What the task asks: Retype, word for word, every line starting at the line with "Pusy Набор Пенка" and ending with the final line of the entries; skip the pictures.

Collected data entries
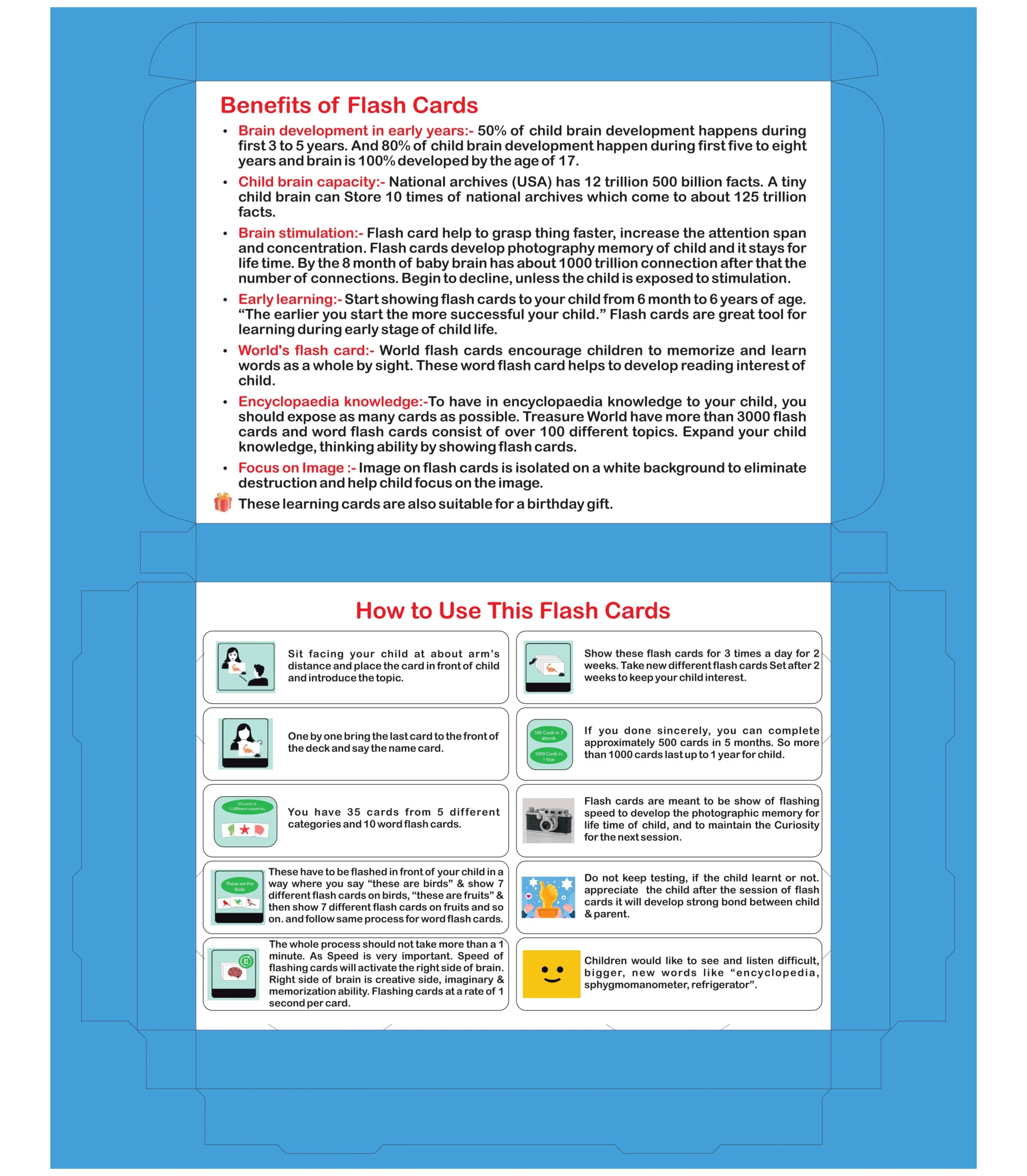 • Double-Sided Learning: Front side displays the picture, while the back side has the name of the object for easy word association.
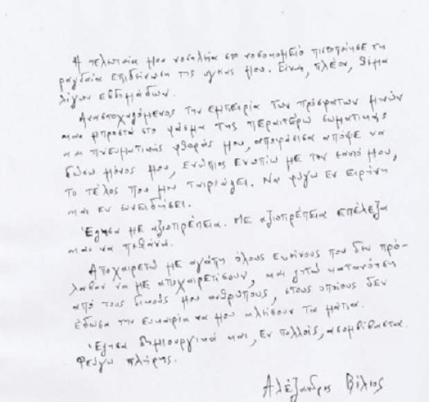 Αναστοχαζόμενος την εμπειρία των πρόσφατων μηνών και μπροστά στο φάσμα της περαιτέρω σωματικής και πνευματικής φθοράς μου, αποφάσισα απόψε να δώσω μόνος μου, ενώπιος ενωπίω με τον εαυτό μου, το τέλος που μου ταιριάζει. Να προσφύγω στη μη υποβοηθούμενη ευθανασία. Να φύγω εν ειρήνη και εν συνειδήσει.
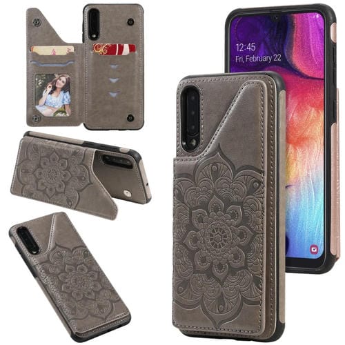 Estuche Protector Samsung Galaxy A50 Flor Patrón Grabado En Relieve a Prueba de Golpes con Soporte y Ranuras para Tarjetas (Gris)
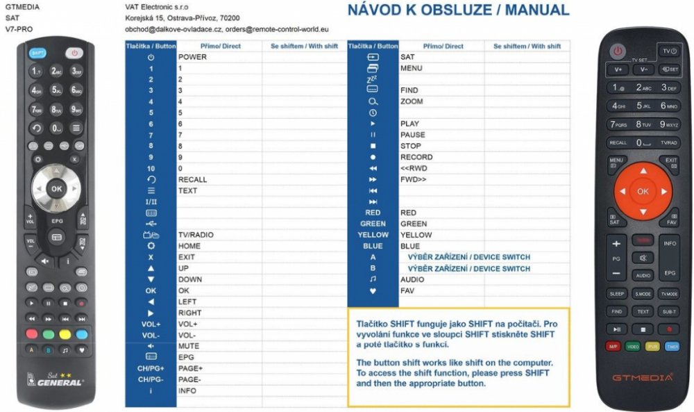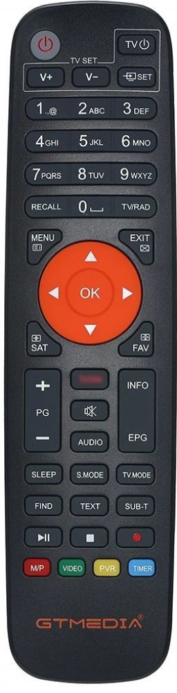 Náhradní dálkový ovladač GTMEDIA V7 PRO - 100% náhrada 1:1 za originální dálkový ovladač. Dálkový ovladač byl vyvinut speciálně na míru pro tyto modely značky GTMEDIA:V7 PRO, V7 PRO DVBS, V7 PRO S2, V7 PRO S2X, V7 PRO T, V7 PRO T2. (Nemusí zde být uvedeny úplně všechny kompatibilní modely. Pokud si nejste jisti, sdělte nám svůj model (použijte online chat, e-mail, telefon), neprodleně zkontrolujeme a ověříme, zda je tento ovladač kompatibilní s Vaším přístrojem. Za poskytnutou informaci ručíme.) Ovladač je dodáván ve verzi značkového dálkového ovladače General SAT/TV (zobrazen vlevo). Garantujeme Vám, že dostanete ovladač, který plně nahradí Váš původní originální ovladač a bude mít naprosto všechny funkce stejné.Není to univerzální ovladač, ale ovladač, který je naprogramován a přímo určen pro modely přístrojů uvedené výše. Není třeba žádné párování, žádné kódy. Obdržíte od nás ovladač, který je připraven k použití - jediné, co musíte udělat, je vložit baterie a ovladač hned funguje. Podívejte se na obrázek ovladače a ujistěte se, že jsou v tabulce všechny funkce jako na původním originálním ovladači. Jedná se o plnohodnotný náhradní dálkový ovladač (není to „univerzál“). Má naprosto všechny funkce přesně jako originální ovladač. Záruční lhůta na ovladač je 3 roky. Dodáván také jednoduchý návod s mapováním funkcí. DOPLŇKOVÁ FUNKCE: Tento dálkový ovladač je možno naprogramovat na 1 další přístroj. Budete moci jedním ovladačem ovládat oba přístroje (např. SAT+TV nebo SAT+DVD apod). Pokud nám do komentáře v objednávce napíšete model dalšího přístroje, naprogramujeme Vám ovladač na oba. Za tuto doplňkovou službu bude naúčtován příplatek k ceně ovladače 50 Kč: více informací
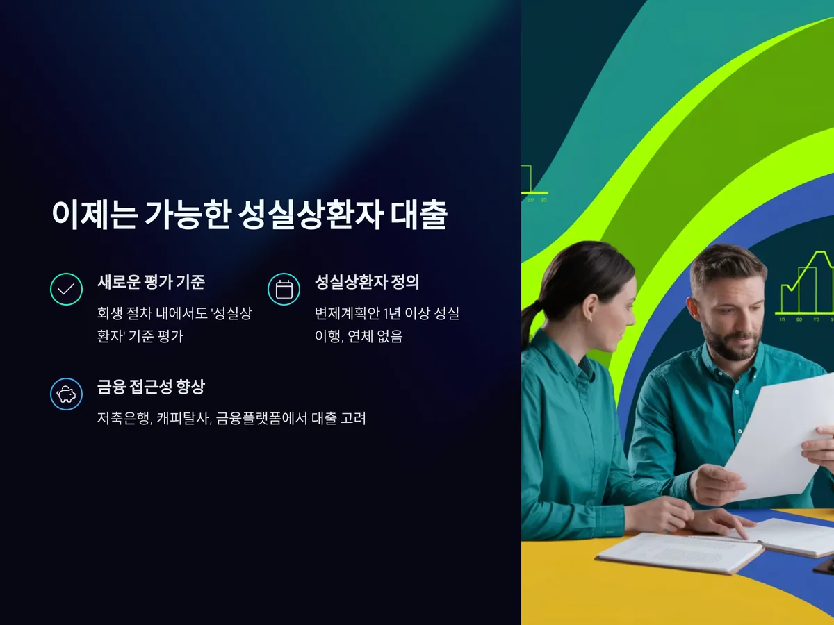 개인회생을 마무리해가는 성실상환자들에게 최근 금융권에서 긍정적인 움직임이 나타나고 있습니다. 특히 2024년 말부터 정부 정책과 금융감독원의 가이드라인 변화로 인해 성실하게 상환 중이거나 상환 완료한 개인회생자에게도 신용 회복 기회를 제공하는 정책성 금융 상품과 민간 대출이 잇따라 등장하고 있습니다. 대출 조건은 이전보다 확실히 나아졌으며, 금리나 한도에서도 혜택을 볼 수 있습니다. 특히 금융이력 부족자를 위한 '대안신용평가' 적용이 확대되며, 성실상환 기록 자체가 큰 자산으로 인정받는 분위기입니다. 이 글에서는 성실상환자 대출이 가능한 이유부터, 실제 조건과 준비 서류, 신청 시 유의할 점까지 자세히 알려드립니다.
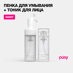 Pusy Набор Пенка для умывания с массажной щеточкой и тоник для лица увлажняющий
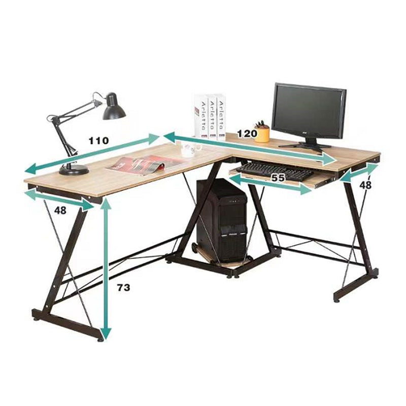 158cm L*120cm D double desktop, both sides of this l shaped computer desk are the same length, easy switch of the two sides as your habit, it can maximize the daily working, gaming and reading enjoyment. Desk Height 73cm, plenty of legroom for rest and storage. Adjustable leveling foot pads are included to keep the desk stable even on an uneven floor.
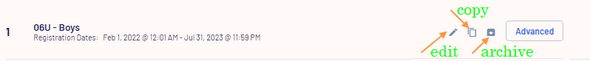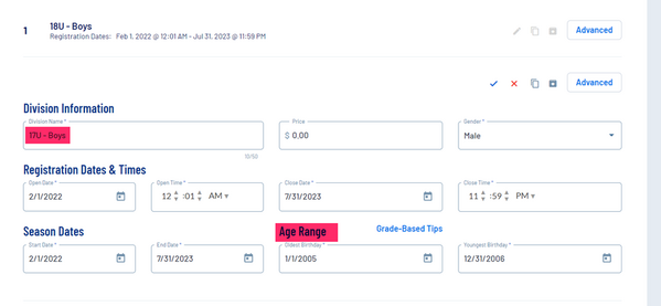 Before you complete Division Settings, edit any specific divisions where you want different dates, fees, etc by clicking the pencil to the right of the Division name.
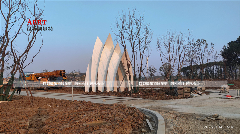 以下是江蘇奧爾特候車亭廠家為江陰設(shè)計(jì)生產(chǎn)的廊架雕塑拱門(mén)(1:1還原):
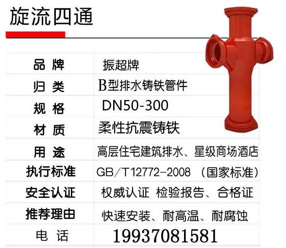 振超牌B型鑄鐵排水管件,柔性抗震鑄鐵,快速安裝,耐高溫,耐腐蝕;用于高層住宅建筑排水、星際商場(chǎng)酒店。
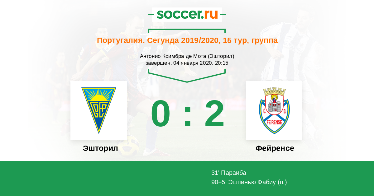 90+5’ 0:2(П) Эшпинью Фабиу
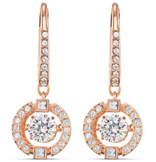 This pair of Swarovski pierced earrings from our Sparkling Dance collection is marvelously beautiful. The central dancing stone appears to float within its rose-gold tone plated setting, which is embellished with shimmering pavé. A lovely gift for s...
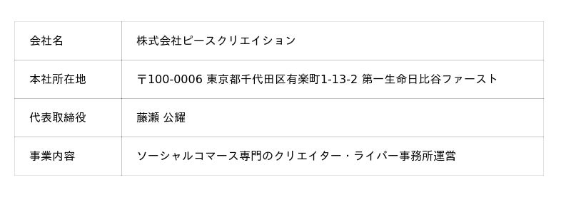 ピースクリエイションは、親会社の株式会社いつも(本社:東京都千代田区、代表取締役社長:坂本守)が14,000件以上のEC・D2Cの総合支援で培ったノウハウと、グループ会社の株式会社ピースユー(本社:東京都千代田区、代表取締役:藤瀬公耀)が提供する日本最大級のライブコマースアプリ「Peace you LIVE」の運営実績や、ライバーとのネットワークを活かした、ソーシャルコマース専門のクリエイター・ライバー事務所です。
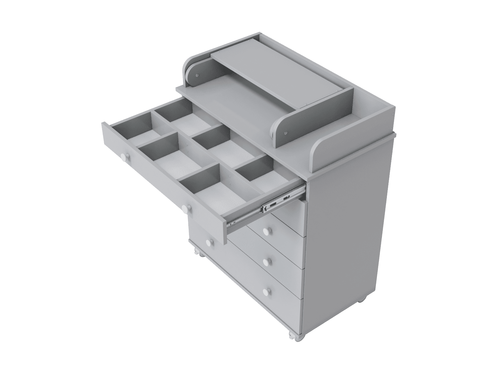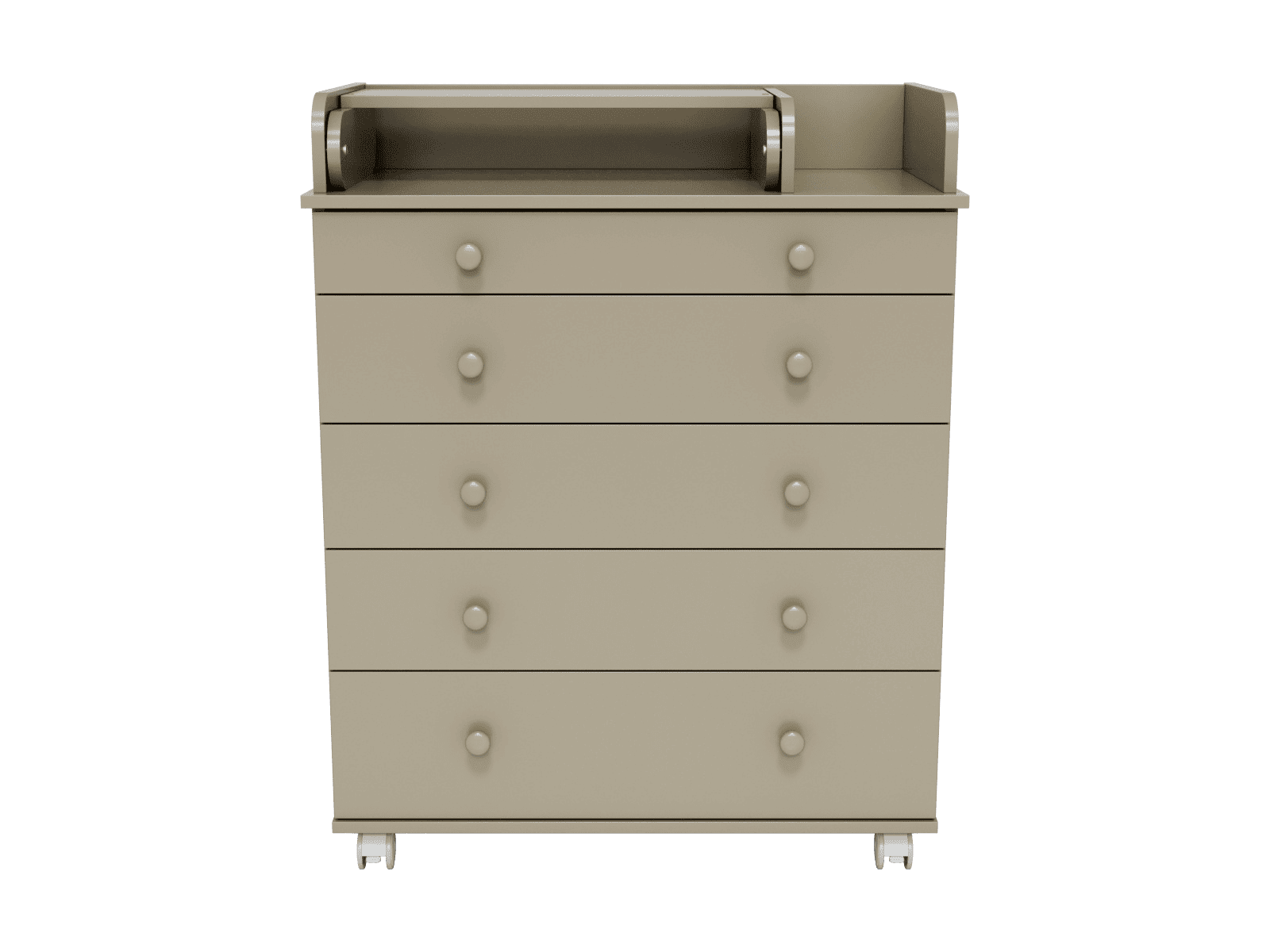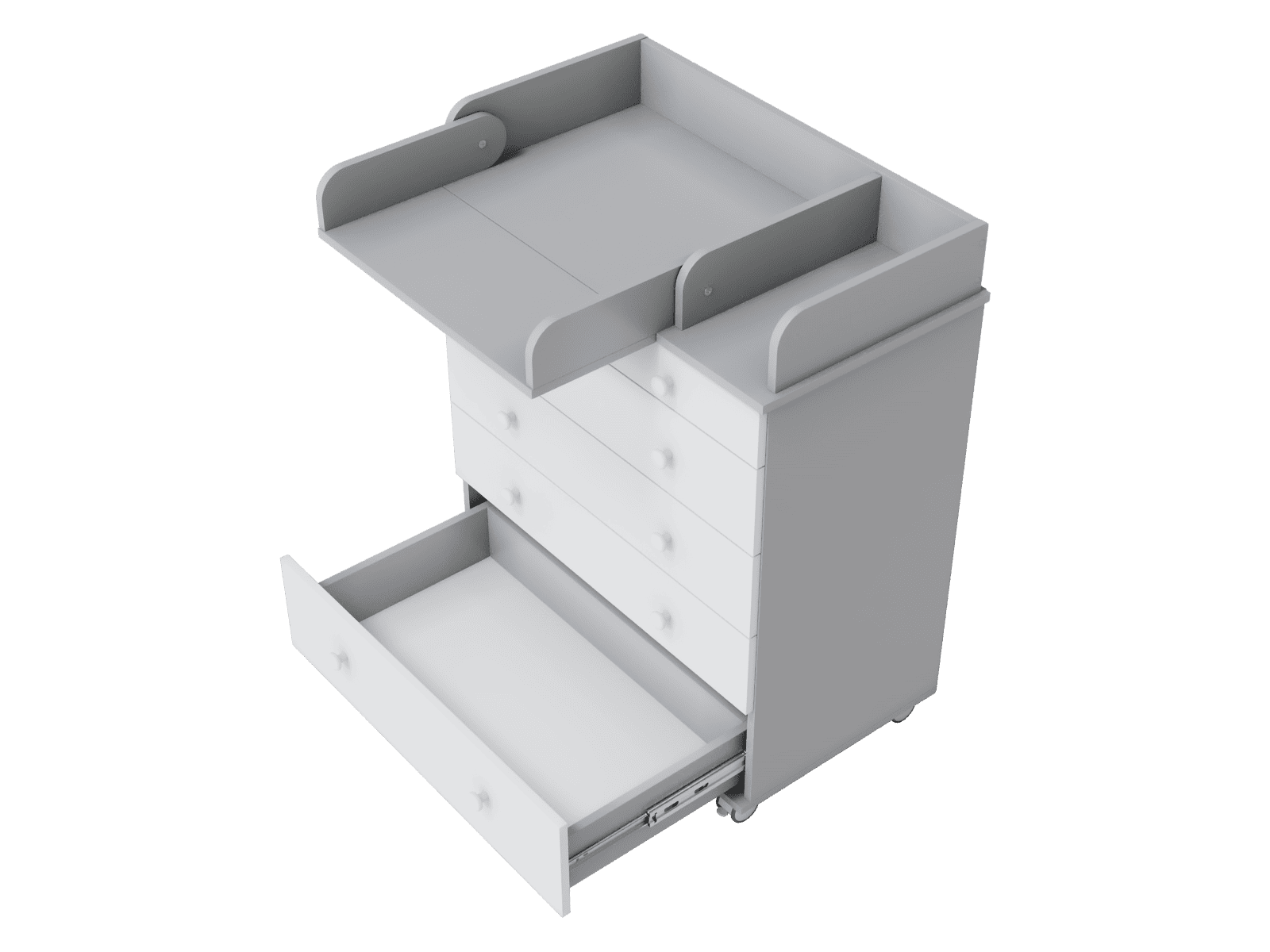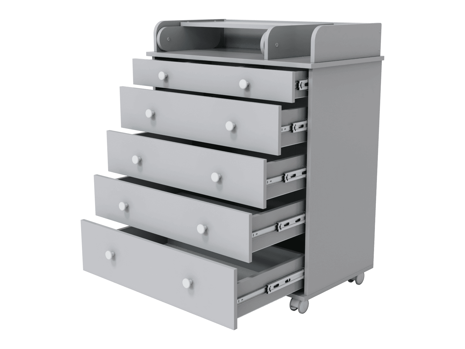 Tesoro Maximus Premium — это комод с фасадами из высококачественной МДФ в премиум‑версии и дополнительная (пятая) шуфлядка с практичным органайзером, а также откидная пеленальная доска с выделенным местом для гигиенических принадлежностей.

Response to this task:
 Pusy Набор Пенка для умывания с массажной щеточкой и тоник для лица увлажняющий
 158cm L*120cm D double desktop, both sides of this l shaped computer desk are the same length, easy switch of the two sides as your habit, it can maximize the daily working, gaming and reading enjoyment. Desk Height 73cm, plenty of legroom for rest and storage. Adjustable leveling foot pads are included to keep the desk stable even on an uneven floor.
 Before you complete Division Settings, edit any specific divisions where you want different dates, fees, etc by clicking the pencil to the right of the Division name.
 以下是江蘇奧爾特候車亭廠家為江陰設(shè)計(jì)生產(chǎn)的廊架雕塑拱門(mén)(1:1還原):
 振超牌B型鑄鐵排水管件,柔性抗震鑄鐵,快速安裝,耐高溫,耐腐蝕;用于高層住宅建筑排水、星際商場(chǎng)酒店。
 90+5’ 0:2(П) Эшпинью Фабиу
 This pair of Swarovski pierced earrings from our Sparkling Dance collection is marvelously beautiful. The central dancing stone appears to float within its rose-gold tone plated setting, which is embellished with shimmering pavé. A lovely gift for s...
 ピースクリエイションは、親会社の株式会社いつも(本社:東京都千代田区、代表取締役社長:坂本守)が14,000件以上のEC・D2Cの総合支援で培ったノウハウと、グループ会社の株式会社ピースユー(本社:東京都千代田区、代表取締役:藤瀬公耀)が提供する日本最大級のライブコマースアプリ「Peace you LIVE」の運営実績や、ライバーとのネットワークを活かした、ソーシャルコマース専門のクリエイター・ライバー事務所です。
 Tesoro Maximus Premium — это комод с фасадами из высококачественной МДФ в премиум‑версии и дополнительная (пятая) шуфлядка с практичным органайзером, а также откидная пеленальная доска с выделенным местом для гигиенических принадлежностей.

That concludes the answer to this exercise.